== Input for this task ==

^^^^

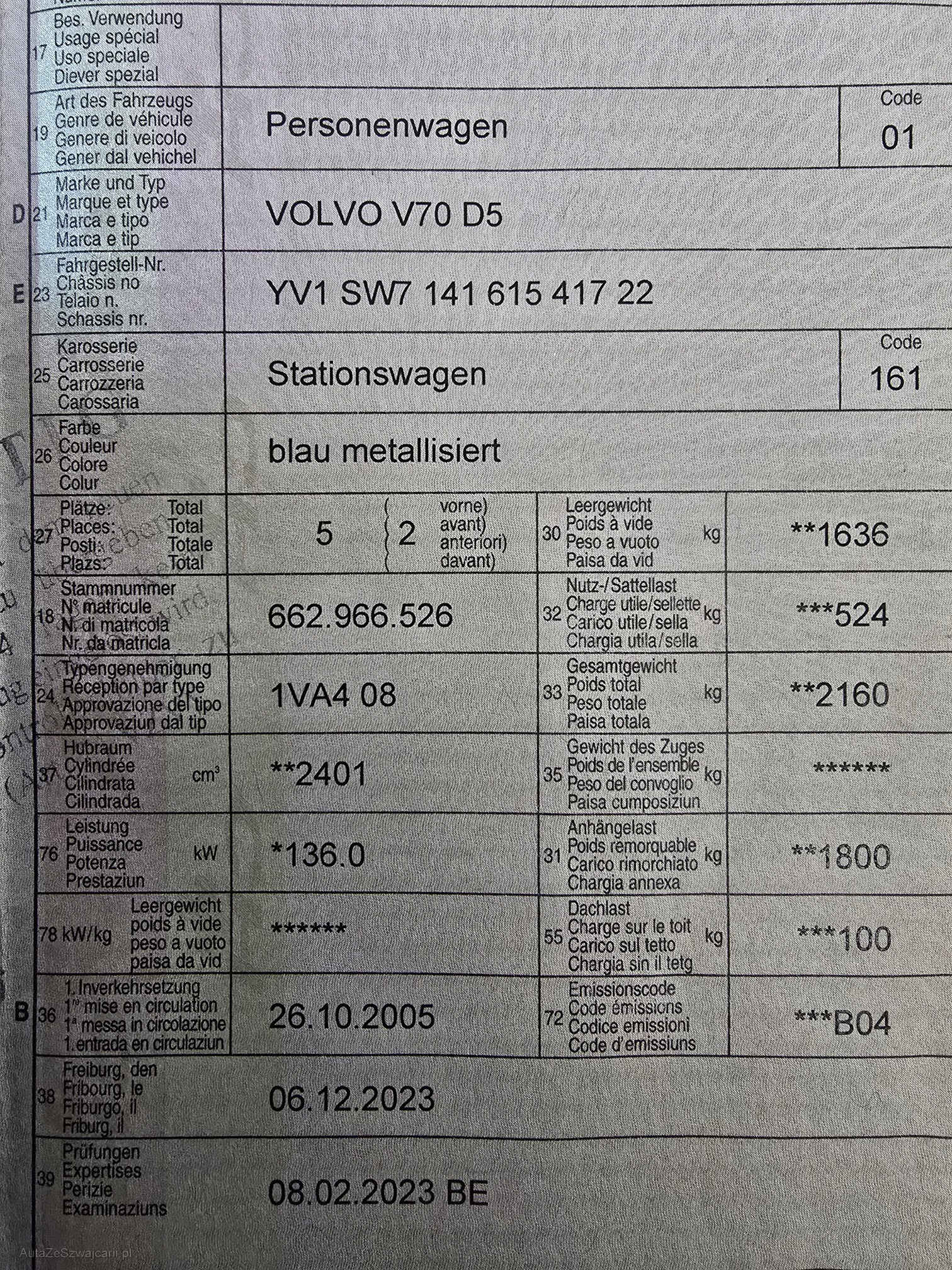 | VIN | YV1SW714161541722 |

^^^^

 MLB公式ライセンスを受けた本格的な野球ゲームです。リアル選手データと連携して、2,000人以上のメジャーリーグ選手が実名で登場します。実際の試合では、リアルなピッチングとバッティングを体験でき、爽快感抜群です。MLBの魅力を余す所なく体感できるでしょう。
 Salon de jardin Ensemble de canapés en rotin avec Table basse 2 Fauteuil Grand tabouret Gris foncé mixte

^^^^

== Instructions for the task ==
Set down precisely the lines above between the line holding "MLB公式ライセンスを受けた" and the line holding "Salon de jardin", inclusive, and nothing beyond them.

== Written response ==
 MLB公式ライセンスを受けた本格的な野球ゲームです。リアル選手データと連携して、2,000人以上のメジャーリーグ選手が実名で登場します。実際の試合では、リアルなピッチングとバッティングを体験でき、爽快感抜群です。MLBの魅力を余す所なく体感できるでしょう。
 Salon de jardin Ensemble de canapés en rotin avec Table basse 2 Fauteuil Grand tabouret Gris foncé mixte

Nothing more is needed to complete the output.